Perhaps, Osha muses, it’s the combination of the failure of the market economy, of capitalism, that makes this different. In the ‘60’s, there was oppression, there was imperialism, there was opportunism but the middle class had jobs. Now perhaps ‘they’, those billionaires who control our lives, have gone too far. If they could fix things, we reflect, they would, because they couldn’t be so short sighted to kill off the golden goose, now could they?

Who knows what will happen in North Africa..or the Middle East? The emergent events from situations like this aren’t predictable. Who knows what will happen in poor urban neighborhoods with plenty of guns?

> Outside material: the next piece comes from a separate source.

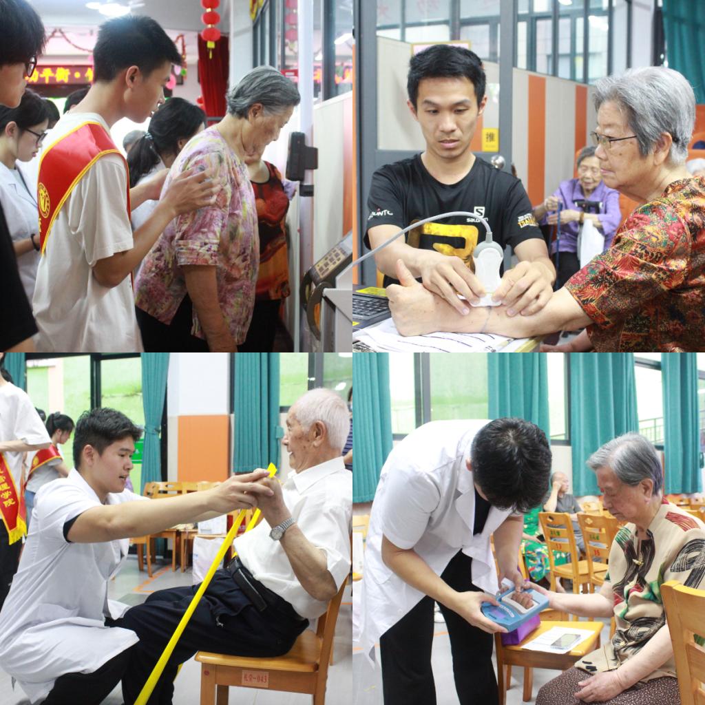 5月22日,醫(yī)學(xué)營養(yǎng)與體育保健專業(yè)組隊赴長青養(yǎng)老院,針對老年群體開展“均衡膳食,健康體重”專題健康宣教。徐軼彥老師以“千金難買老來‘肉’——關(guān)注老年肌少癥”為題,詳解蛋白質(zhì)攝入與抗阻訓(xùn)練的重要性。志愿者現(xiàn)場為老人們提供體成分分析、骨密度等健康檢測,并演示彈力帶訓(xùn)練動作,指導(dǎo)居家鍛煉方法。本次活動凸顯了醫(yī)體協(xié)同理念,獲得老年群體高度認可。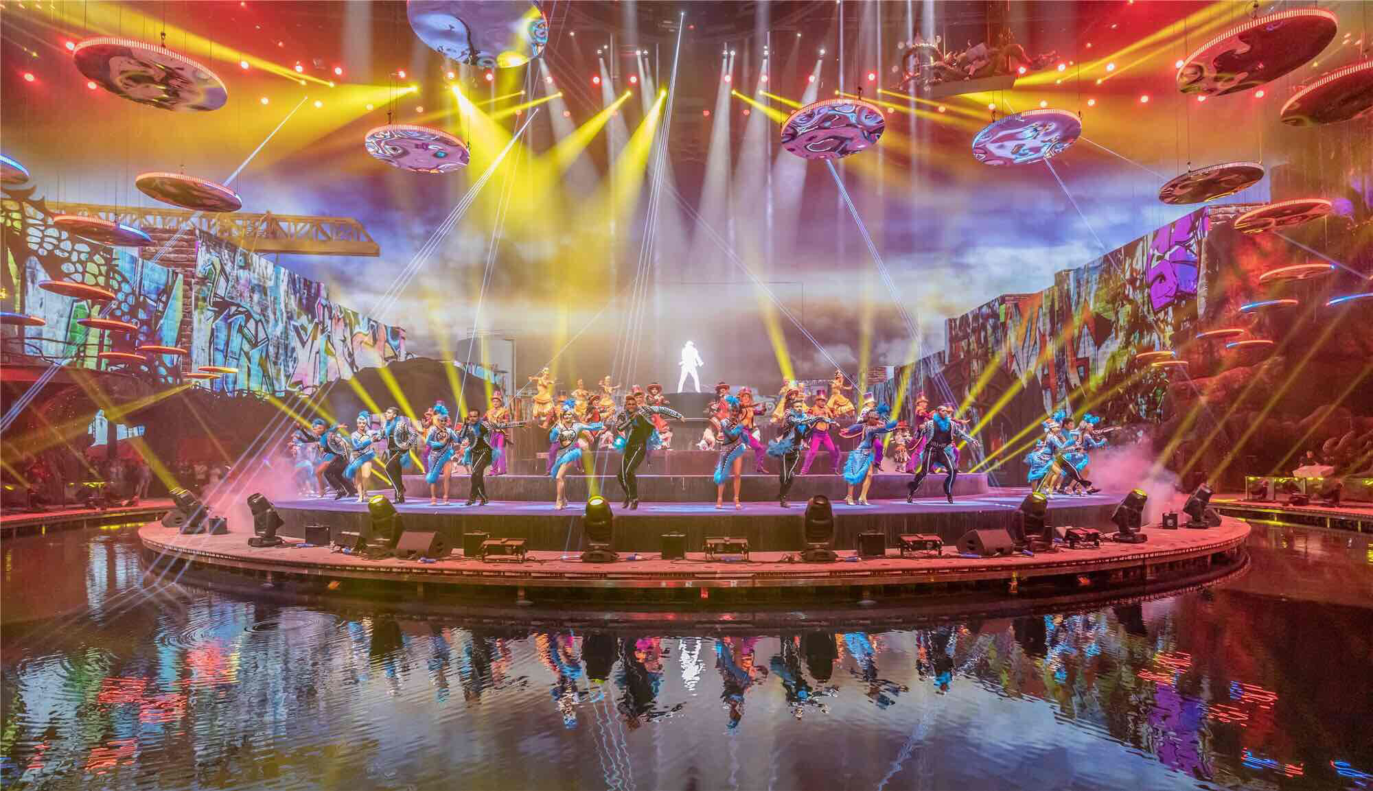 作为粤港澳大湾区全新文旅地标,长隆剧院的不少设计都融入了智能科技。在以往的剧场当中,灯架都是固定安装好的,而本次长隆剧院引进了先进的升降灯架,通过现场超过千台的智能电脑灯具实现实时升降,展现出多种变化组合的立体灯光效果。此外,长隆剧院还引进了法国LED管理系统及投影系统,LED大屏的面积相当于3个篮球场,通过LED与投影系统的有机结合,让观众的视觉体验更加震撼。

Who knows about the poor rural neighborhoods , also with plenty of guns?
Who knows about right here in the East Bay, home of the Free Speech Movement, the Vietnam Day Committee, and the Black Panther Party? Osha wonders out loud if there is something new to say to the liberal store owner who sent a testimonial letter praising the police arrests of street people sitting in front of his store. Perhaps, we opine, more student research into the real causes of concern, why the store owners are hurting would help to re-direct attention to these, help build some kind of new movement. Would the police accept community ideas for a different style of enforcement? What could the law clinic due to help? I’ve certainly been on the other side of disagreements…have cursed zoning rules when I wanted to build, have bad mouthed unions when they wouldn’t agree to my management side proposals for job re-definition. But in the long run, without that give and take, mistakes are made, people get hurt. I trot out my favorite old example; when they were planning the new hospital on Pill Hill, the custodians were not part of the process…and the broom closets were forgotten.

But these may not be thinking times. Not much thoughtful process in evidence when the City of Berkeley considers de-funding the internationally recognized Ecology Centers’ recycling program. And it seems, says Osha, that Mr Obama is a little late, and a little short on thinking..a little too responsive to the very people who have taken the actions that have got us into the mess of ecology and economy that has led to the events today.

Well, the decaf is finished, as are the waffle, the green tea, and the poached eggs. Time to head out into our 70 year old lives. Another wonderful day in paradise!!